I need to make a distinction here. For myself.
Yes, there are medical, psychological, sociological, physical and emotional reasons for being overweight but there are people who are overweight who stop their fat-gaining behavior or look to the medical community and find the answer. They change their behavior or take the medicine and over time, they are thin again. I appreciate the frustration and pain they feel while they make reparations to their imbalanced bodies, lifestyle and mindsets.
For me, I was thin and now I am fat. I have medical issues but instead of dealing with it when it was a few pounds, I took my weight imbalance personally. But I found my own reasons to be victimized by fat. I believed it was all my fault. I wasn't good enough to be thin.
I tried everything. I went to regression therapy, counselling, hypnosis and holistic healers. I dieted. I exercised. I tried to remember being sexually molested, emotionally abused, neglected or traumatized without success. I forgave the 12 year old boy who tried to kiss me without consent. I forgave the teacher who oogled my developing pubescent body. Doctors reinforced my own short-comings so I gave up on them.

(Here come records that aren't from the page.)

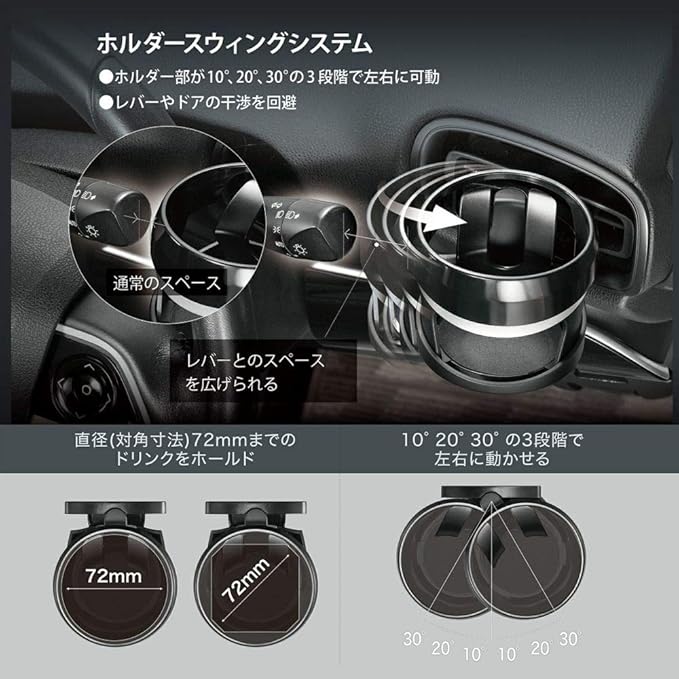 ホルダー部が水平方向に10 、20 、30 の3段階動かすことができ、ウィンカーレバーやドアノブへの干渉を避けることができます。多様なドリンク容器に対応しています。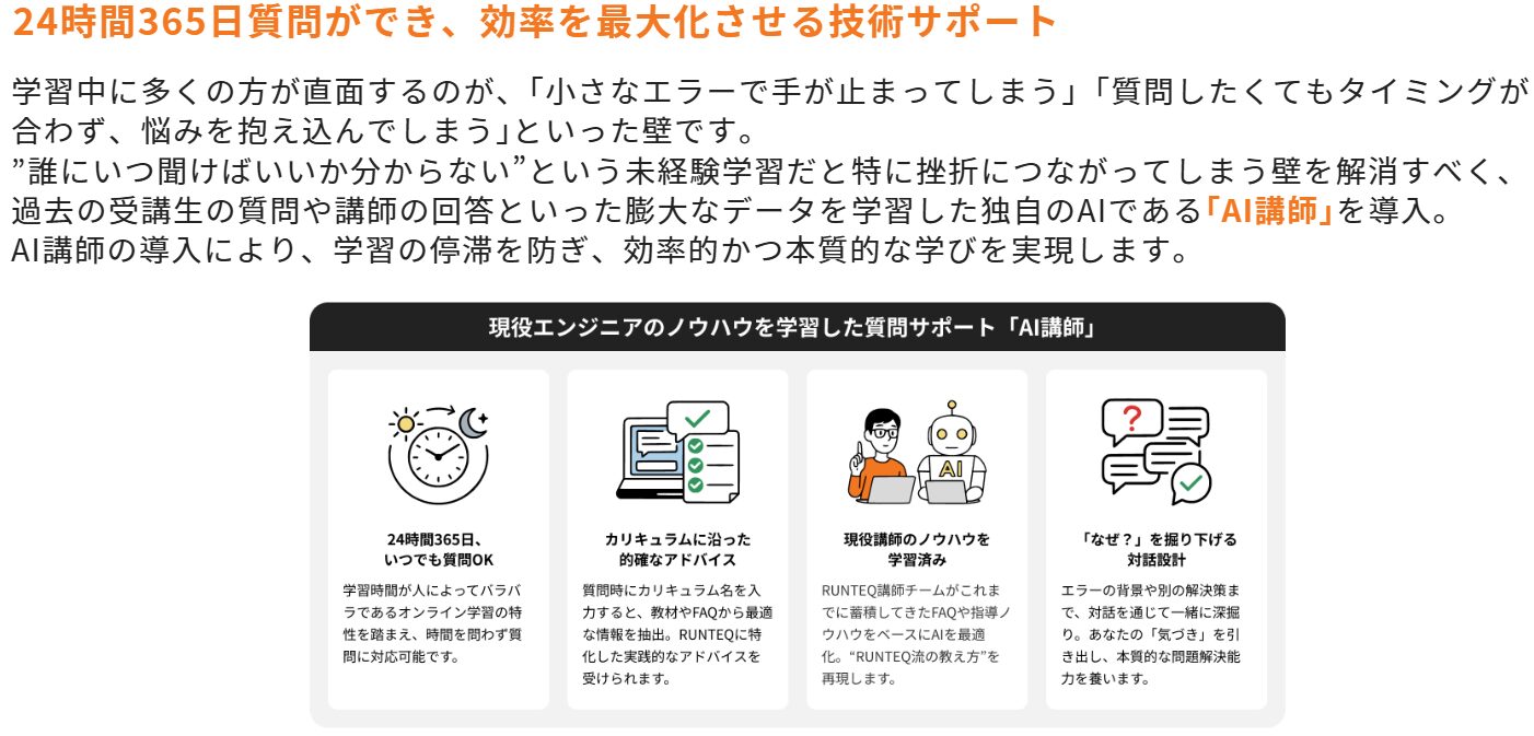 RUNTEQ(ランテック)では、この課題を徹底的に解消するために、以下のような独自の仕組みを導入しています。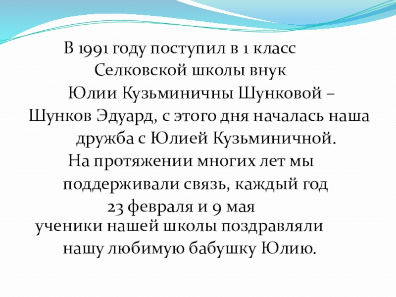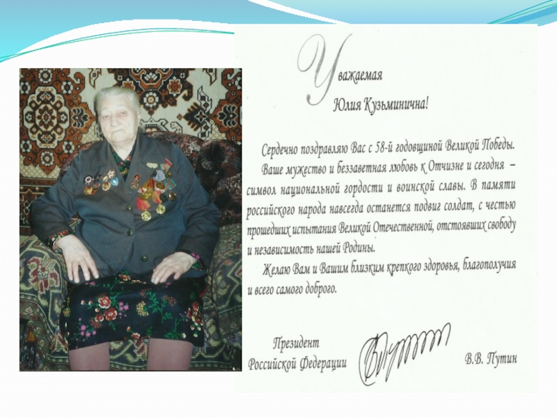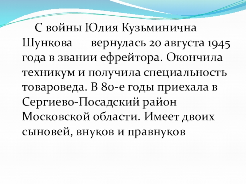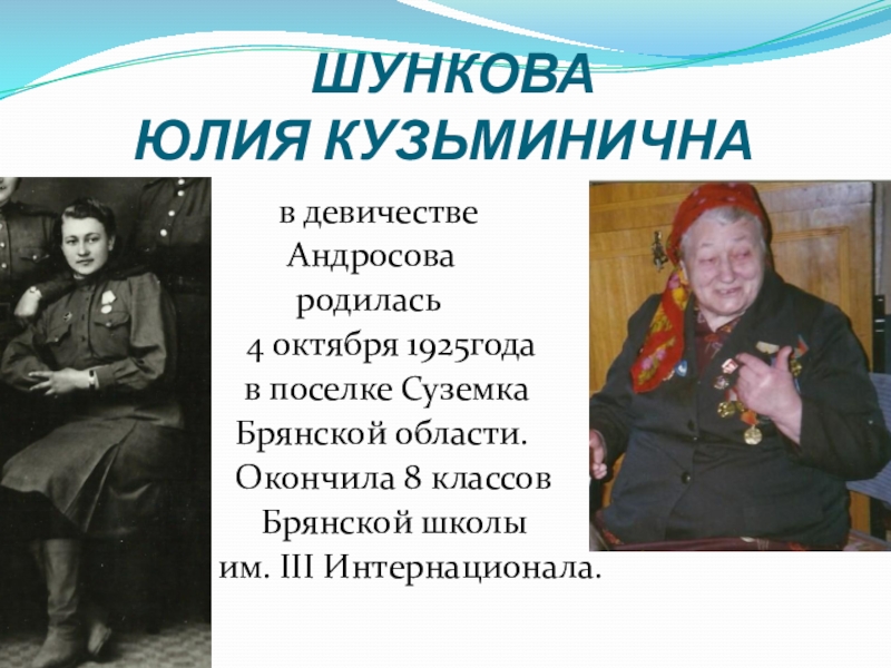 Слайд 13 С войны Юлия Кузьминична Шункова

When the gain started, I lived, ate and breathed anger. I was mad at my body for not being perfect, society for demanding it to be, the world for witnessing my failure, the universe, God, my family, my friends, the waiter's condensing looks, the media, doctors who didn't listen, people on the street, anyone who looked at me, everyone.
For me, food has never been about comfort. It was about control.
I could not control how people reacted to my growing body so I took control of the food. I ate what I wanted, when I wanted and how much I wanted. Then I began to realize the food controlled me. Sugar/starch called out. I answered. So I took control again by devouring more! One craving would send me into a power feast that lasted for days.
For me, why I am fat is because I chose to become its victim. I thought if I can't be thin - I will be as fat as I want to be. I allowed it to represent me.
Now, I have good days and not so good days but I remind myself, I will no longer be a victim. Being fat is not personal - it's not about me - it's just a combination of taking care, paying attention and doing what I need to do to resolve this imbalance for me.